**What the task asks**
There is one span to output from the data below: the lines starting at the line with "上周大跌的信用债周一走势出现" and ending at the line with "Rebecca Minkoff teal". Output it exactly, ends included, nothing more.

**Records to process**
[Start of Attachment]

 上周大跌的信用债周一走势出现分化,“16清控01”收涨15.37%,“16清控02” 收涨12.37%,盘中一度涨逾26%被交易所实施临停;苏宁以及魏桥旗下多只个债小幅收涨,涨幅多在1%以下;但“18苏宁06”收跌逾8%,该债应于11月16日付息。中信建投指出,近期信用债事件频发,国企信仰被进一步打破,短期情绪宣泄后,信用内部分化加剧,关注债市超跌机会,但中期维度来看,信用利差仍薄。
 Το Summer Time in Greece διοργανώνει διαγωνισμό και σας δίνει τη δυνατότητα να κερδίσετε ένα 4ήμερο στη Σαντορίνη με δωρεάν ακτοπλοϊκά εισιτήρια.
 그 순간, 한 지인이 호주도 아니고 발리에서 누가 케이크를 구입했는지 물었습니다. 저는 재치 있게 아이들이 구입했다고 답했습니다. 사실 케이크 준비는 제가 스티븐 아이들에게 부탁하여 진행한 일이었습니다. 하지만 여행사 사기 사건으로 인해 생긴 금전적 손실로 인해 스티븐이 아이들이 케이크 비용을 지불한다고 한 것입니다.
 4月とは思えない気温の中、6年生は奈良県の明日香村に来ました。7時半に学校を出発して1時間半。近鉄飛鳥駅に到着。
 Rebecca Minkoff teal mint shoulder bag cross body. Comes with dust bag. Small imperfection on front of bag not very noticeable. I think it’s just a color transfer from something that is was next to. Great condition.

[End of Attachment]
[Start of Attachment]

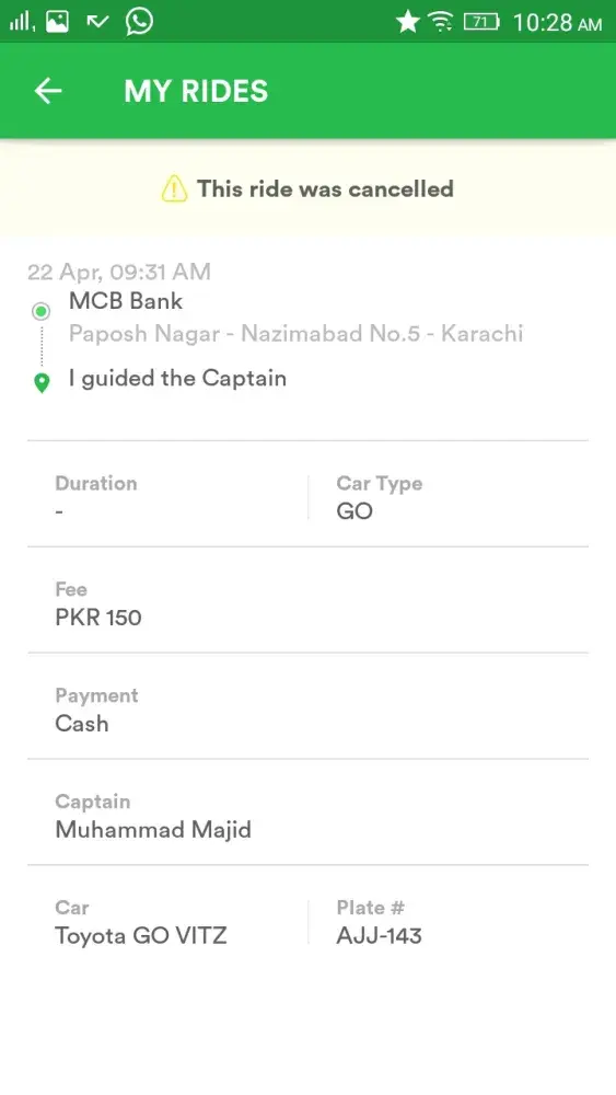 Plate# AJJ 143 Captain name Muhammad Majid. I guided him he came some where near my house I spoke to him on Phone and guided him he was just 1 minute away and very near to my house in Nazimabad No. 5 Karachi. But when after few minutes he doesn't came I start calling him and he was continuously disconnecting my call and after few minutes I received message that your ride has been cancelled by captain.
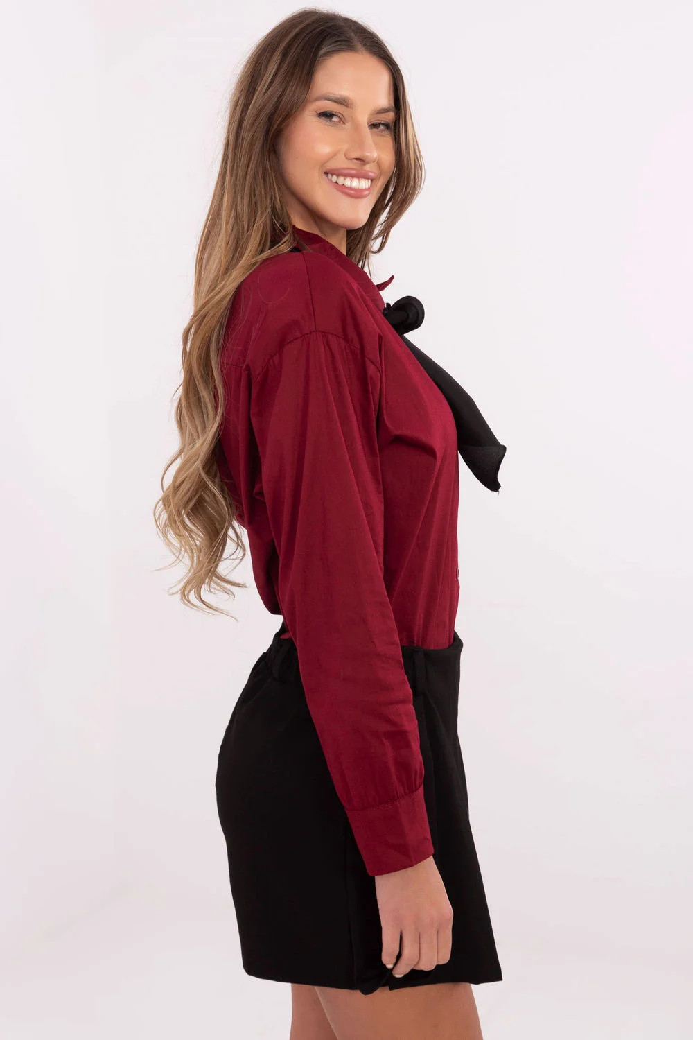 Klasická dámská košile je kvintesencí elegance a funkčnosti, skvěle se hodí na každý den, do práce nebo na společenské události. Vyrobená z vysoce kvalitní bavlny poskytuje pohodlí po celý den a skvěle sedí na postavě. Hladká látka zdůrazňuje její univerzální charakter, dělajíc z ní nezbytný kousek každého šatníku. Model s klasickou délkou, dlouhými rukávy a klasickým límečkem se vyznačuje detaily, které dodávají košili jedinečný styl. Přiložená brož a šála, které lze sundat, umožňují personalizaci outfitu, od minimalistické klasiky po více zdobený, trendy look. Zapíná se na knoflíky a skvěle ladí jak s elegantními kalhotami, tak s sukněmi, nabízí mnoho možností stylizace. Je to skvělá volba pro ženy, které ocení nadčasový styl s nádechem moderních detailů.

[End of Attachment]

**Your solution**
 上周大跌的信用债周一走势出现分化,“16清控01”收涨15.37%,“16清控02” 收涨12.37%,盘中一度涨逾26%被交易所实施临停;苏宁以及魏桥旗下多只个债小幅收涨,涨幅多在1%以下;但“18苏宁06”收跌逾8%,该债应于11月16日付息。中信建投指出,近期信用债事件频发,国企信仰被进一步打破,短期情绪宣泄后,信用内部分化加剧,关注债市超跌机会,但中期维度来看,信用利差仍薄。
 Το Summer Time in Greece διοργανώνει διαγωνισμό και σας δίνει τη δυνατότητα να κερδίσετε ένα 4ήμερο στη Σαντορίνη με δωρεάν ακτοπλοϊκά εισιτήρια.
 그 순간, 한 지인이 호주도 아니고 발리에서 누가 케이크를 구입했는지 물었습니다. 저는 재치 있게 아이들이 구입했다고 답했습니다. 사실 케이크 준비는 제가 스티븐 아이들에게 부탁하여 진행한 일이었습니다. 하지만 여행사 사기 사건으로 인해 생긴 금전적 손실로 인해 스티븐이 아이들이 케이크 비용을 지불한다고 한 것입니다.
 4月とは思えない気温の中、6年生は奈良県の明日香村に来ました。7時半に学校を出発して1時間半。近鉄飛鳥駅に到着。
 Rebecca Minkoff teal mint shoulder bag cross body. Comes with dust bag. Small imperfection on front of bag not very noticeable. I think it’s just a color transfer from something that is was next to. Great condition.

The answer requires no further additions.